Dankleff piloted them upward to the flank of the Omega, perhaps eighty feet over their heads. As he approached the hull, Pacino could see the deep-diver submarine docked to the underside of the Omega’s hull. It was much bigger than in his imagination. It had to be over 250 feet long, he thought. He could see it had small but thick portholes in its bow. He hoped no one was in there peering out at them. No one had thought that could be a problem. Pacino kept his eyes on the Russian submarine’s exterior where it had curved to be vertical.

“Hey, U-Boat, I think I have the torpedo tube door, drive us aft.”

In the shallower water, with the pressure less on the mine, it had begun to get buoyant. Pacino hit the fixed function key on its operator panel to flood its variable ballast bladder until it behaved again. He wondered if there were some way to automate this, but the control system would add volume and weight — taking away payload for explosives. Still, it seemed a risk that the mine could get away from them.

“I don’t see it, Patch.”

“There, above you about five feet. There’s three of them. See them?”
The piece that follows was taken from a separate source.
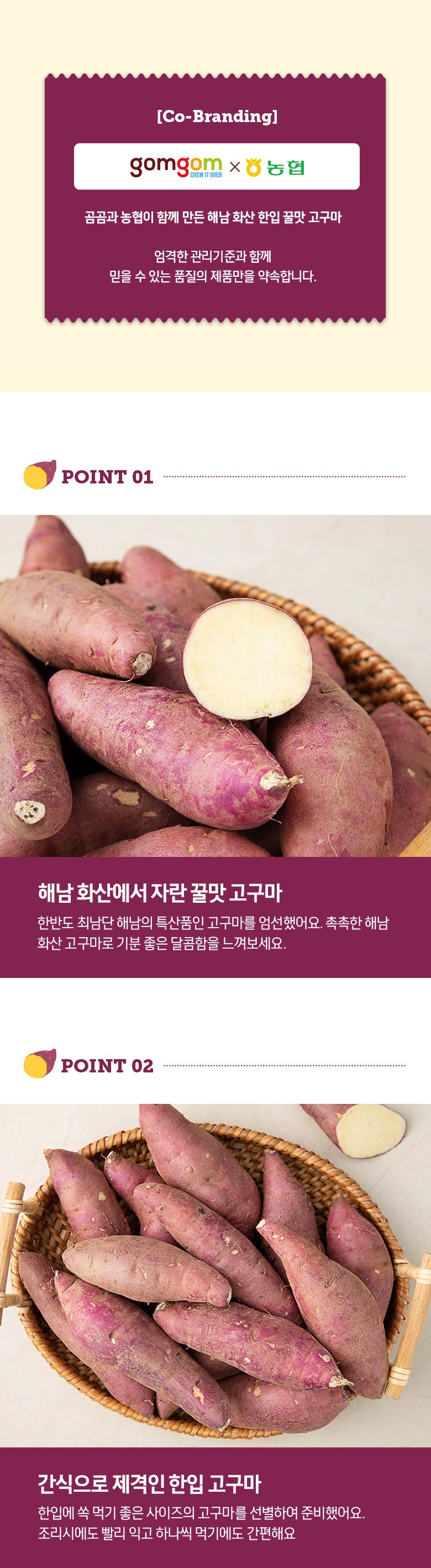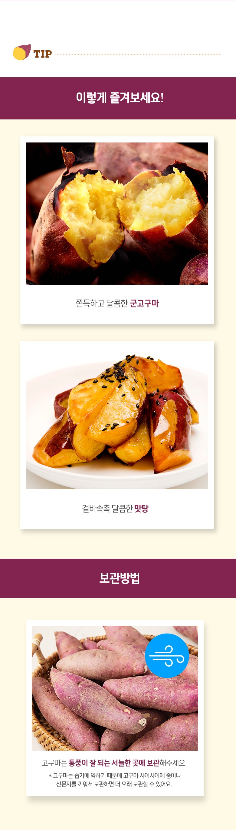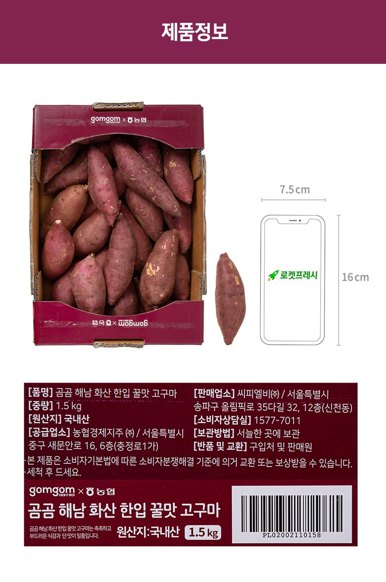 | 품목 또는 명칭 | 곰곰 해남 화산 한입 꿀맛 고구마 | 포장단위별 내용물의 용량(중량),수량,크기 | 1.5kgx1개 |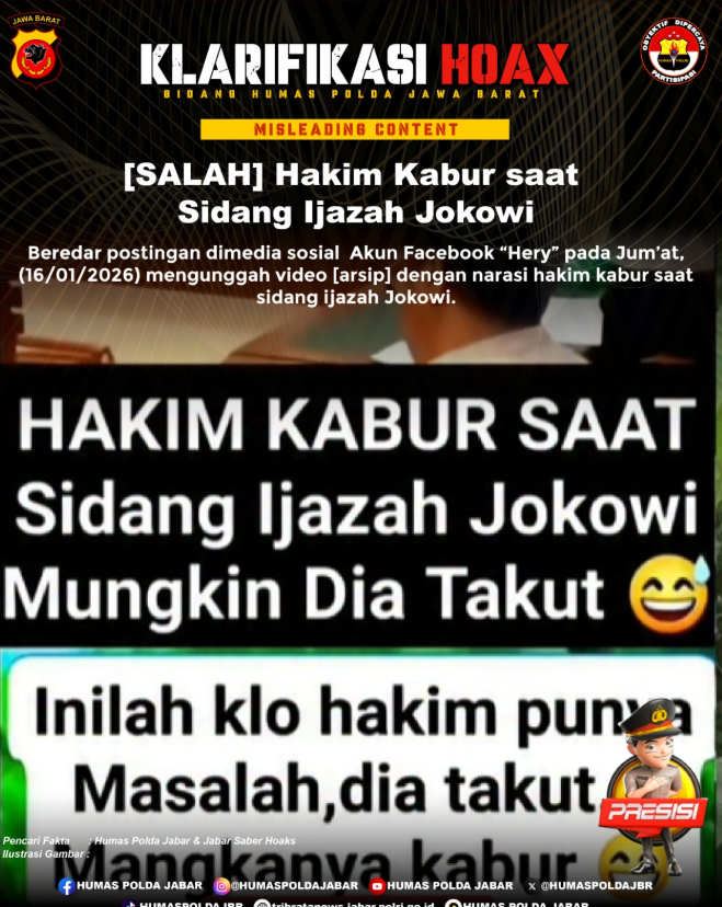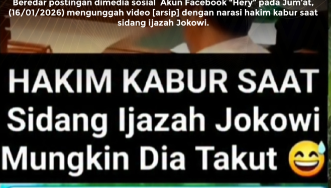 Beredar postingan dimedia sosial Akun Facebook “Hery” pada Jum’at, (16/01/2026) mengunggah video [arsip] dengan narasi hakim kabur saat sidang ijazah Jokowi.

“Oh, yeah, you’re right. Let me drive us about twenty or twenty-five feet farther aft.”

“Position us at the elevation of the middle tube.”

“We’re here. Now’s the hard part of the day. Open up the mine,” Dankleff said.

Pacino manipulated the operator panel’s fixed function key for opening up the mine, the software asking him if he were sure he wanted to do that. He hit the “YES” button and the mine slowly opened up so that its cylindrical shape became two half-cylinders. He maneuvered the mine to touch the rubbery coating of the hull, hoping it would be able to attach. While Pacino operated the mine, Dankleff’s job was to keep control of the propulsion unit. Pacino could hear the Mark 76 engine occasionally buzz as Dankleff kept it at their depth. Pacino touched the control panel’s “ATTACH” protocol section, and energized the “AUTO ATTACH” button. If the unit were able to cut through the rubber hull coating and weld itself to the hull, it would be an easy day.